My wife and I are jointly applying for a home loan. But I had missed a few monthly instalments on a personal loan four years ago. I paid it off subsequently. My wife has never taken a loan. Will my chances of getting a home be impacted due to the default?
It is great to know that you have a responsible credit behaviour. Missed payments impact your credit history and most lenders will certainly look at it as an important parameter to determine the risk on a prospective borrower. Lenders, however, consider recency of missed payments. As an example, a default that occurred a couple of years ago will not have the same impact as a default a year ago. As a result, though the missed payments could have some impact on your credit rating, it should not prevent you from availing a new loan if your payment behaviour subsequently has been regular across the loans and credit cards you hold.
Banks, often, use credit score to reject customers. What is a decent credit score? Is the cut-off the same for all credit bureaus?
A credit information report from a credit bureau contains identity information, past and present credit obligations (including the ones for which you have joint liability) and previous addresses and enquiries made by banks for all your loan applications. If your report shows you repay credit on time, it will help the credit institution in the decisioning process. The information in the credit information report is summarised by the credit information company in a bureau score.
A credit score indicates the borrower’s credit worthiness and lenders are increasingly relying on credit scores, as a part of the credit approval process. Usually, the higher your score, the better your creditworthiness and the more the chances of your application getting approved.
Each bureau typically uses a separate scale for scores. Hence, a customer with a score of 800 might have a low-risk profile with one bureau but the same score may indicate a high-risk profile with another.

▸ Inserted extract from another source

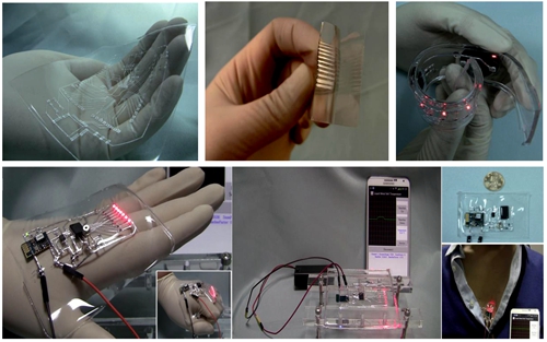图2 利用转印方法打印并集成的柔性可编程腕带及采用手机操控的微型无线红外测温仪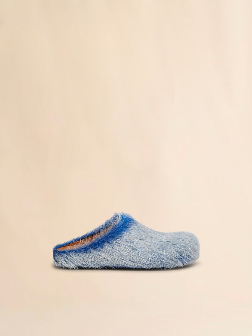 Indigo Long Hair Calfskin Fussbett Sabot Blue Lilac

The cut-offs for credit scores vary with bureaus and individual lenders will also customise cut-offs based on internal policies. Hence, it is difficult to comment on a single cut-off that can be considered as a decent score.
Apart from credit usage and credit history, what are the other things a credit score is based on?
Though credit usage and credit history are key to a credit score, credit enquires and demographic variables, like age, can be part of the scoring algorithms. It is widely observed that consumers are unaware of the impact of enquires when shopping for new credit. Too many enquiries might mean you’re taking on too much debt or that you’re in some financial trouble and looking for credit to help you out. So, when shopping around for a mortgage or a new auto loan, make sure the lender is not recording this as an enquiry and pulling up your credit report.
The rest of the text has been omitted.